Research breakthroughs frequently redefine medical knowledge, he says. “One interesting thing is that, in the past, a lung cancer patient’s prognosis was traditionally based on the stage of the cancer — on the tumor size or whether it had spread to nearby nodes. But now we’re learning that the tumor’s gene profile — its genetic characteristics — also impact the prognosis. That means that possibly, more important than the stage of the cancer, is its biology. We can now determine the likeliness, for example, of a patient responding well to a certain type of chemotherapy.”

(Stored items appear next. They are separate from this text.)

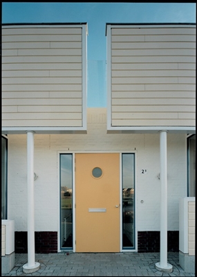 De belangrijkste inspanning bij het ontwerpen van dit verpeeghuis is dan ook meer gericht op wat mensen bindt en gemeenschappelijk hebben, dan op wat mensen scheidt en specifiek maakt. Alleen dan kun je voorkomen dat het verpleeghuis een randverschijnsel wordt, in plaats van wat het werkelijk is een wezenlijk onderdeel midden in ons leven. Midden in een nieuwe woonwijk in Almere-Stad, langs de centrale toegangsweg naar de wijk, nabij het nieuwe winkelcentrum is een terrein gereserveerd voor het nieuwe verpleeghuiscentrum. Zowel voor permanente bewoning als voor poliklinische zorg en ondersteuning voor de thuiszorg, een goede lokatie. Voor chronische verpleeghuiszorg is het terrein opgevat als een onderdeel van een woonwijk. De wooneenheden zijn gesitueerd als huizen langs de omringende wegen, met eigen voordeuren en woonkamers aan de straatkant, waar leven en beweging is. Meer naar binnen liggen de één- en tweepersoons kamers, uitkomend op ‘hofjes’, enigzins besloten, maar toch weer met zicht op de wijk. Sanitaire- en dienstruimten zijn gekoppeld per 2 ‘huizen’. Door laagbouw ontstaat een optimale wisselwerking met de directe woonomgeving, een grotere gelijk-waardigheid van de huizen waardoor meer flexi-biliteit in gebruik wordt bewerkstelligd, en bovendien de mogelijkheid wordt gecreëerd daglicht ook in de compacte en inpandig gelegen sanitaire dienst-gedeelten te krijgen. De huizen zijn zo geconstrueerd dat onafhankelijk van de orientatie op de zon daglicht in het huis wordt gebracht en er geen donkere gedeelten onstaan. De routes in het huis gaan, begeleid door licht, altijd van licht naar licht. Aan de achterzijde zijn alle huizen gekoppeld door een omloop. Deze omloop of binnenstraat vormt de verbinding naar het centrale dienstencentrum en geeft rechtstreeks toegang tot en vorm aan een grote afgesloten binnentuin. Naast aandacht voor de bebouwing is veel aandacht geschonken aan de ruimten tussen de bebouwing. De contramal van de bebouwing draagt zorg voor de onderlinge samenhang en voor de verankering aan de maatschappij. Geen restruimten maar zorgvuldig vormgegeven ‘interne stedebouw’. Daglicht, begrijpelijke en tastbare materialen en een heldere structuur dragen hopelijk bij aan de directe zintuigelijke en emotionele beleving van het nieuwe thuis.
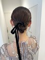 お呼ばれヘアセット タイト ローシニヨン ベロアリボン
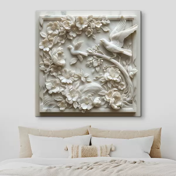 Cuadros Jardín de mármol blanco con bajorrelieve de pájaros y flores. Nr s39728
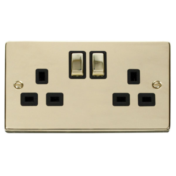 Click VPBR536BK 2G DP Switched Socket - Polished Brass Black Insert
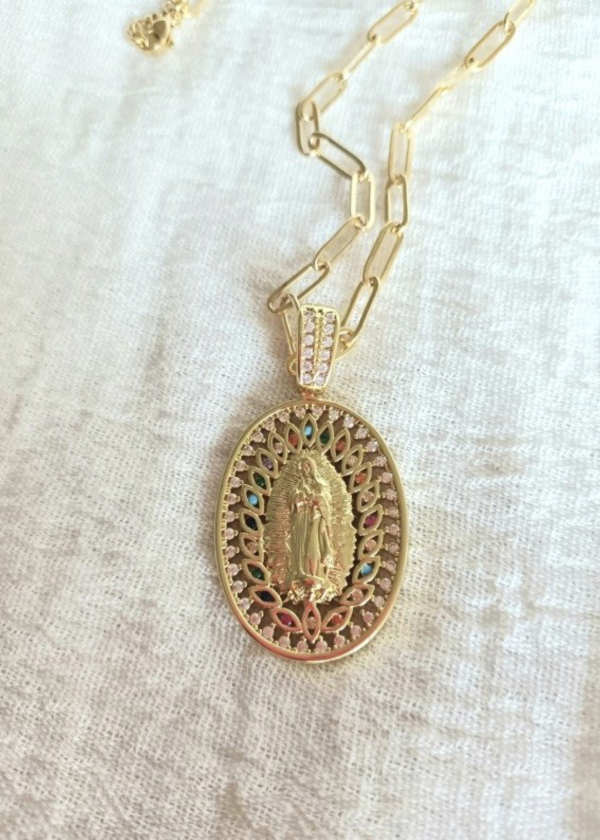 medalla de Guadalupe bañada en oro con mini strass de colores, viene con la cadena de 50cm. La medalla mide 3cm de largo
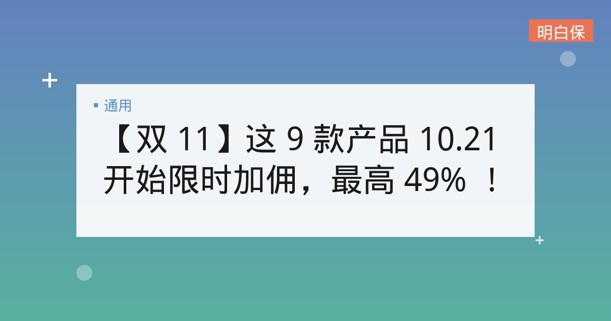 【双 11】这 9 款产品 10.21 开始限时加佣,最高 49% ! 又一轮限时加佣方案先睹为快! 老师们不要错过! 【双11】限时加佣活动解读:如何聪明地看待保险促销? 【双11】这9款产... 📅 2026-01-15 👁 19
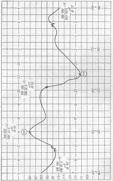 Определение высоты уровня воды производят для каждого установленного при разметке линии записи срока. Для этого строят слева от линии записи шкалу уровней в сантиметрах таким образом, чтобы величина уровня над нулем графика, полученная для первой контрольной засечки при установке ленты, находилась напротив соответствующего деления на шкале. Затем снимают значения высоты уровня в точках пересечения кривой записи со штрихами разметки на 8, 14, 20, 2, 8 ч и выписывают в строчку у соответствующих часовых линий в нижней части ленты.
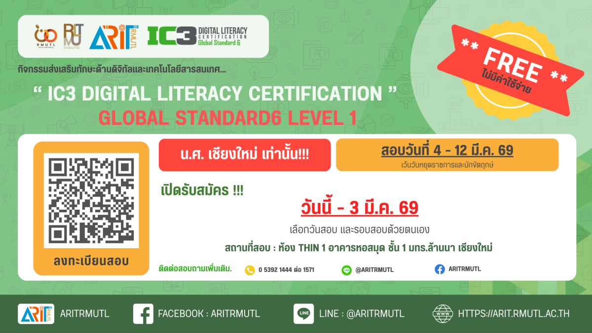 งานบริการเทคโนโลยีสารสนเทศและฝึกอบรม สำนักวิทยบริการและเทคโนโลยีสารสนเทศ ขอประชาสัมพันธ์เชิญชวนนักศึกษา เข้าร่วมกิจกรรมส่งเสริมการพัฒนาทักษะด้านดิจิทัลและเทคโนโลยีสารสนเทศ เสริมสร้างความเชี่ยวชาญและเพิ่มขีดความสามารถเพื่อผลิตกำลังคนที่มีคุณภาพ และเตรียมความพร้อมสำหรับการทำงานในยุคดิจิทัล โดยจัดให้มีการอบรมผ่านระบบ e-Learning และการทดสอบ หลักสูตร Training - Digital Literacy โดยมีกลุ่มเป้าหมายประกอบด้วยนักศึกษาที่มีความสนใจในการพัฒนาและทดสอบมาตรฐานด้านเทคโนโลยีสารสนเทศ
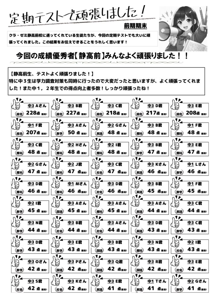 前期期末テストで静高前生たちが大活躍!静岡市葵区の学習塾で着実に成績アップ!
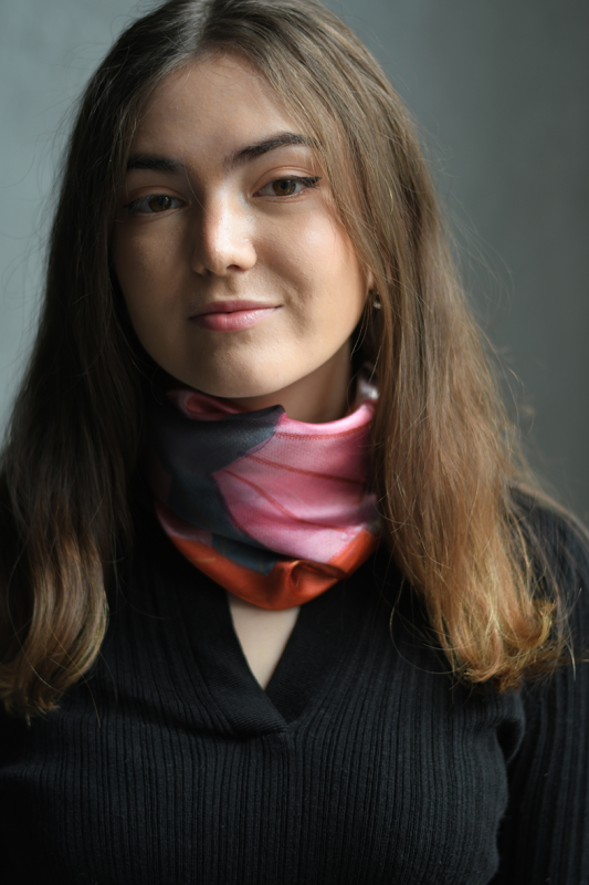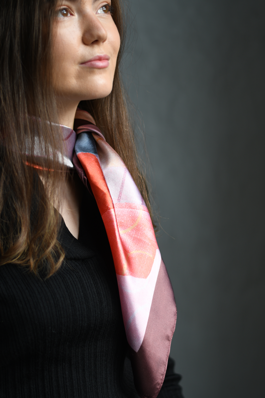 Unna dig en satin scarf á la Sofie Sjöströms målning Lipstick. Underbar kvalitet, färgstark och mjuk mot huden. Tuff satin scarf med fin glans och fall, som går att kombinera med det mesta.
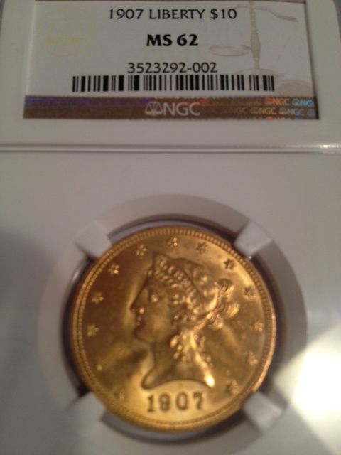 1907 $10 GOLD LIBERTY, NGC MS-62
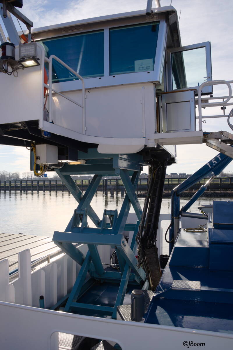 Het schip heeft een beweegbare brug, of om onder lage bruggen door te kunnen of om over een hoge lading (containers bijvoorbeeld) heen te kunnen kijken.
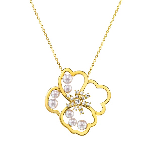 角をモチーフにした洗練されているペンダント。パールとイエローゴールドの輝きが融合し印象的なデザインが魅力的。
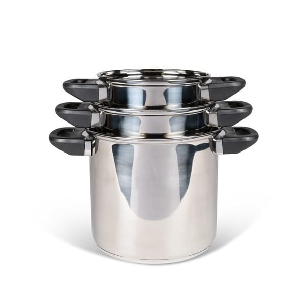De Space Saver pannenset van Kampa is zo ontworpen dat de pannen gemakkelijk in elkaar kunnen worden opgeborgen. Alle pannen hebben een deksel en hittebestendige handgrepen. Anders dan door Kampa aangegeven wordt zijn deze pannen niet op inductie te gebruiken, de bodem is niet vlak en niet magnetisch.
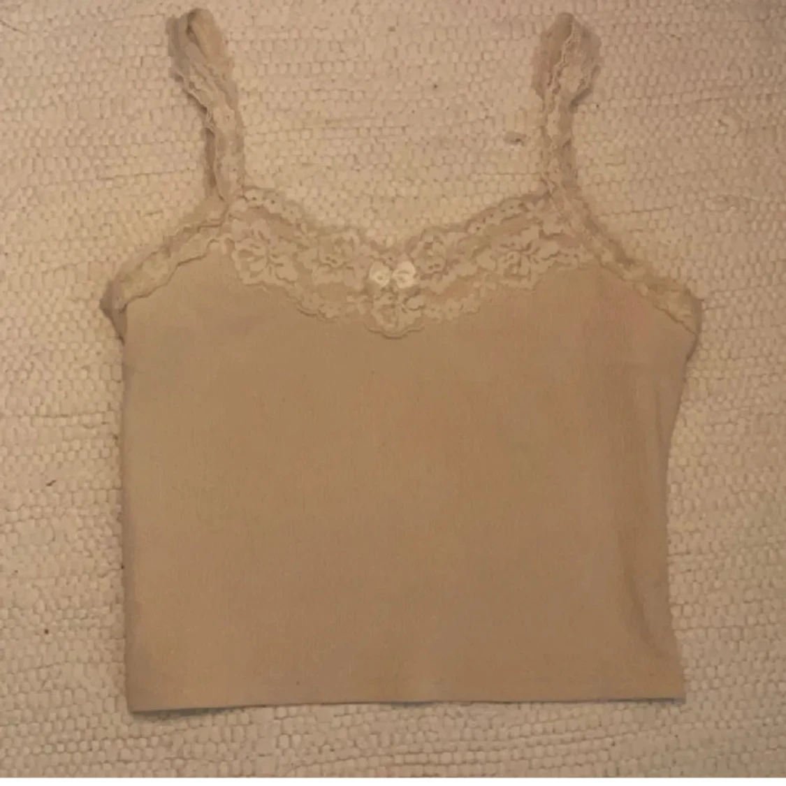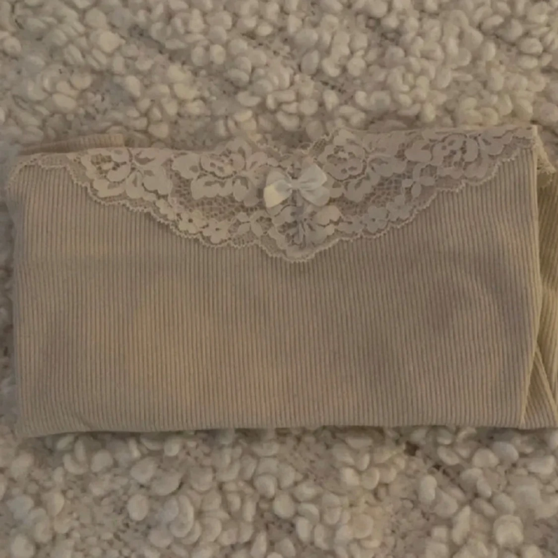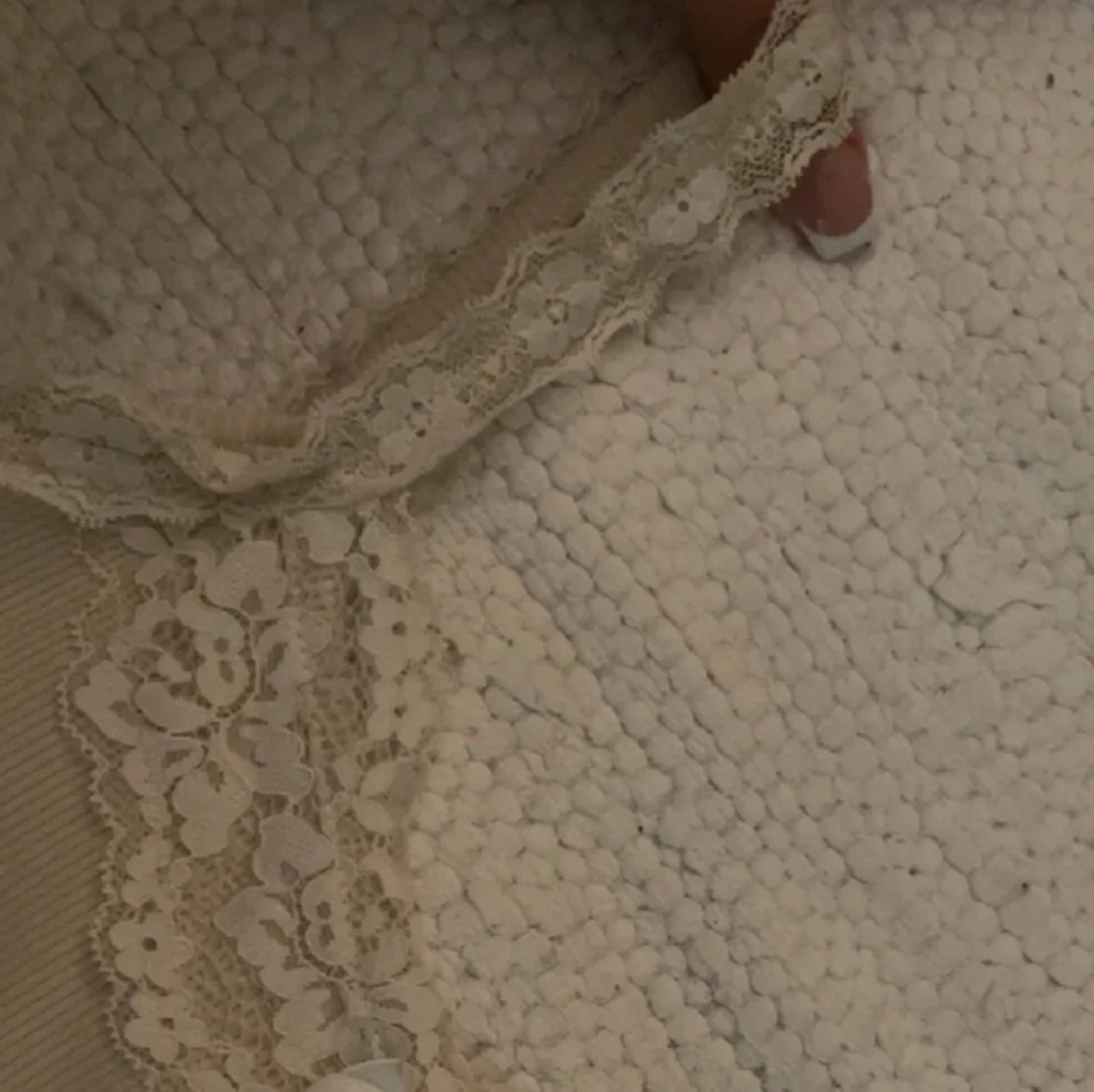 Jättefint krämvit spets linne med rosett som använts några gånger, men den har inga skador/ slitage.

New treatment drugs are consistently being developed, too, he says. “Some of the newest ones work on what’s known as the specific molecular ‘pathways’ of tumor cells. Traditional chemotherapy is like a shotgun: it kills a lot of cells. But now there are more targeted therapies that can stop proliferation of cells, but don’t have as many side effects.”
Gorenstein and his family — which includes four kids — live in Piermont; they all enjoy the great outdoors when he’s not in the office or surgical suite. “My kids grew up as avid alpine skiers, so we would spend lots of time at Whiteface Mountain or Lake Placid,” he says. The kids are also competitive swimmers, so race meets are often on the weekend agenda. And when the weather’s right, the family loves to hit the golf course, too.
A career that involves dealing with a large number of cancer cases can obviously be challenging, Gorenstein says. But it’s rewarding, especially when lives are saved. “The field is constantly evolving. And we’re definitely able to have a large impact on improving the quality of people’s lives. That’s very satisfying.”